The system fails in two opposite ways. It fails if the user mutes it to concentrate – the sound has become annoying, or distracting, or repetitive enough to grate. It also fails if the user tunes it out so completely that they never notice when the Golem’s state changes. A Golem that has been anxious for ten minutes should produce a sound that eventually catches the ear, even if the listener forgot the sound was there.

The target experience: you forget the sound is on. Then something shifts – a chord darkens, the texture thins, a note appears where silence was – and you realize the Golem has been feeling something for a while. You glance at the terminal. You understand. You go back to what you were doing. The sound recedes again.

That is the Eno mandate. Every design decision in this document serves it.

2. The infinite song architecture

A Golem runs for 12 to 24 hours. The sound runs for the same duration. The problem: human pattern recognition is extraordinarily sensitive to repetition. A loop that repeats every 2 minutes becomes tedious within 10. A loop that repeats every 8 minutes becomes tedious within 30. Any fixed cycle, no matter how long, will eventually be perceived as a loop, and once perceived, it cannot be unheard.

The solution is incommensurable period lengths. Choose loop lengths that are mutually prime so they fall out of phase quickly and realign very rarely. Each musical layer operates on its own cycle. Because the cycles share no common factors, the composite texture they produce never fully repeats within the Golem’s lifetime.

The canonical example

Three layers, three mutually prime loop lengths:

Melody: 17-beat loop at the Turing Machine
Harmony: 23-beat loop (PolyDrone voice-leading cycle)
Bass: 31-beat loop (root note drift)

Full alignment: 17 x 23 x 31 = 12,121 beats.

At 4 BPM (240 beats per hour at the system’s calm tempo), full alignment happens every 50.5 hours. The Golem lives for 12 to 24 hours. The three layers never fully repeat.

The LFO set

Slow modulation sources use a second tier of incommensurable periods, operating at timescales of hours rather than beats. Five example LFO periods, all prime:

LFO	Period (minutes)
Root drift	73
Filter sweep	113
Reverb depth	157
Harmonic density	199
Stereo width	241

Full alignment of all five: 73 x 113 x 157 x 199 x 241 = approximately 6.2 billion minutes. The universe is about 7 billion years old, expressed in minutes. These five LFOs will not all be in phase during any Golem’s lifetime. Or yours.

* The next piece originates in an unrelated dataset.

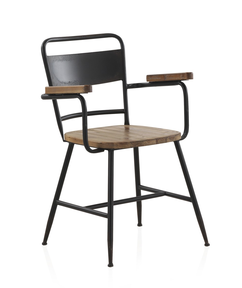 El asiento y el respaldo se encuentran separados y, al igual que los reposabrazos, es la madera de abeto natural la total protagonista del diseño, mientras, que la estructura encargada de soportar todo el peso ha sido diseñada en metal acabado en color negro.
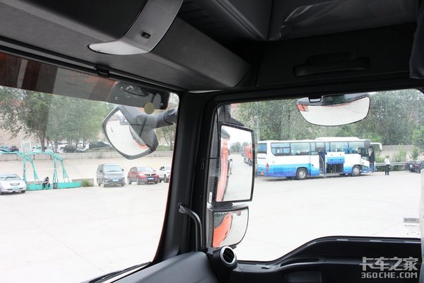 一般体积宽大的重卡的盲区也会多一些,但是汕德卡G7完全没有这个顾虑。它的副驾采用了四个组合式的“后视镜 下视镜 前照地镜”的组合,间接视野好,盲区很小。

Why this matters perceptually

The listener does not hear this analytically. Nobody sits there counting beats and noticing the prime factorization. What the listener does perceive is the absence of exact repetition. The brain is constantly, subconsciously testing the audio stream for periodicity. When it finds a repeating pattern, it files it as “known” and stops attending. When the pattern keeps changing – even subtly – the brain stays in a state of low-level attention. This is exactly the Eno mandate: ignorable but interesting. The ear keeps half-listening because the texture never quite settles.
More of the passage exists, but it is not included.